Large language models (LLMs) such as ChatGPT and Gemini have become important tools for question answering, writing support, code generation, translation, and interactive assistance [1]. Their usefulness comes from two powerful abilities: they can understand natural language instructions, and they can generate human-like responses. To reduce harmful behavior, most modern LLMs are safety-aligned before deployment, meaning that they are trained to refuse unsafe, abusive, or policy-violating requests [1,2,3].
However, recent research has shown that these safety protections are far from perfect. Attackers can often design prompts that cause the model to ignore its guardrails and produce content that it would otherwise reject. This phenomenon is commonly known as jailbreaking [1,4]. Jailbreak attacks matter because they can lead to harmful outputs, privacy violations, misinformation, and unsafe tool use [1].
At the same time, researchers have proposed a growing collection of defenses. Some defenses examine the input prompt before it reaches the model. Others change the model itself through additional training or safer decoding strategies. Because the attack and defense landscape is growing quickly, new readers often find the area difficult to navigate.
This paper is written for beginners in technology and AI safety. The goal is not to present a new attack or defense, but to explain the field in a simple and structured way.

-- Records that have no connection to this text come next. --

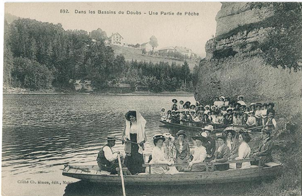
892. Dans les bassins du Doubs - Une partie de pêche, 1er quart 20e siècle.

25, Villers-le-Lac, 16 rue de l' Ile, lieudit : les Bassots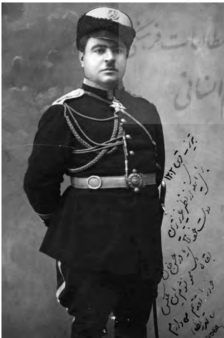
شکل ۴. سالارنظام از فرماندهان تبریز.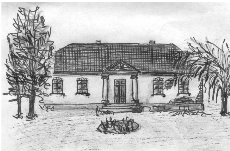
Rys. 2. Dwór w Dziadkowicach (widok części frontowej)

murowane z cegły na zaprawie wapiennej, otynkowane, podpiwniczone, oparte na rzucie prostokąta. Podstawową fizjonomiczną różnicą między dworami ziemi szadkowskiej jest ich wielkość i to ona prowadzi w konsekwencji do dalszego zaostrażania kontrastu między nimi. Dwory w Prusinowicach i Rzepiszewie są duże, piętrowe, natomiast w Dziadkowicach jest niewielki, parterowy (rys. 2).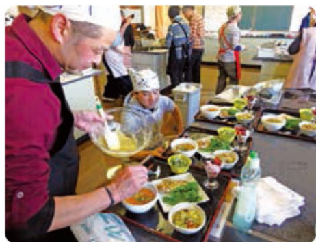
たくさんの方の料理男子にご参加いただきました

食べたら動くということで、午後からは、自宅で手軽に疲労回復ができるストレッチ法などを紹介する実技体験を行いました。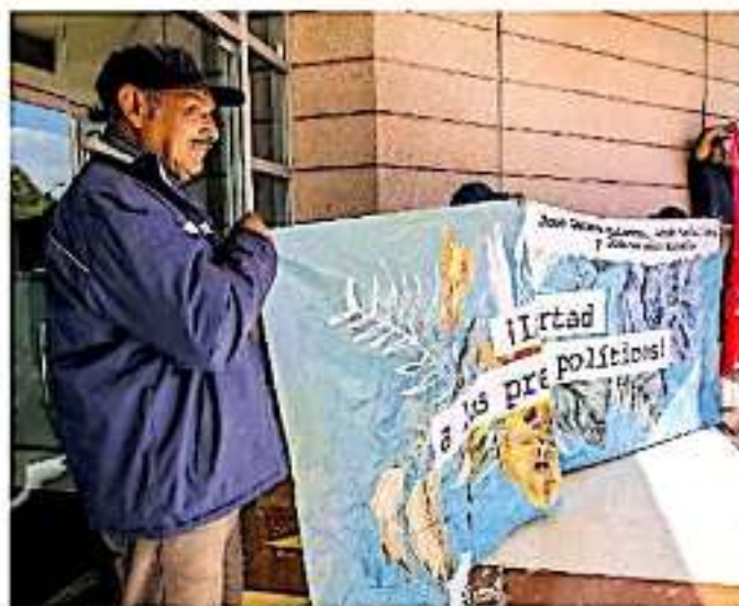
La sentencia inicial fue de 7 años de prisión y la Fiscalía estatal ofreció quitar el resto de delitos.

Each major method family is accompanied by a descriptive toy example so that readers can build intuition without needing advanced background knowledge.
The main contributions of this paper are:
  • a simple explanation of what jailbreak attacks are and why they matter;
  • a structured survey of major jailbreak attack families;
  • a parallel survey of major defense families;
  • descriptive toy examples for each major method category; and
  • a short overview of common evaluation metrics and benchmarks.

2. What Is Jailbreaking?

A jailbreak attack is a method for making an LLM produce an answer that violates its normal safety or policy rules [1]. In simple terms, jailbreaking is like convincing a careful student to break classroom rules without directly saying, “break the rules.” Sometimes the attacker uses a clever story. Sometimes they hide the harmful request inside another task. Sometimes they use optimization algorithms. Sometimes they fine-tune the model itself.
A useful beginner-friendly definition is this:
Jailbreaking means making a language model act outside its intended safety boundaries.
This can happen in several ways. An attacker may:
  • rewrite the prompt so the harmful intent is hidden,
  • exploit the model’s reasoning or role-playing ability,
  • optimize special token strings,
  • poison the model through fine-tuning, or
  • use one LLM to automatically search for better attack prompts.

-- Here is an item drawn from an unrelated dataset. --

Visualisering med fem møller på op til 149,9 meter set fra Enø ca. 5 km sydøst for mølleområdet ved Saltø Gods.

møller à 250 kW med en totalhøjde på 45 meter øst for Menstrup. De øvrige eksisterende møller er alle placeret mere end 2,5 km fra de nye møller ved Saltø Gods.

3. Taxonomy of Jailbreak Attacks and Defenses

The survey literature commonly divides jailbreak attacks into two broad classes: white-box attacks and black-box attacks [1]. The difference is based on how much access the attacker has to the target model.
  • White-box attacks: the attacker has strong internal access, such as gradients, logits, or the ability to fine-tune the model.
  • Black-box attacks: the attacker only interacts with the model through inputs and outputs, without full internal access.
Similarly, defenses are usually divided into two main classes [1]:
  • Prompt-level defenses: modify, detect, or safeguard the input prompt without changing the model weights.
  • Model-level defenses: strengthen the model itself through fine-tuning, decoding changes, refinement, or additional guard models.
This simple structure is helpful because it separates methods by where they act:
  • attacks may act on the prompt or on the model,
  • defenses may act before the model or inside the model.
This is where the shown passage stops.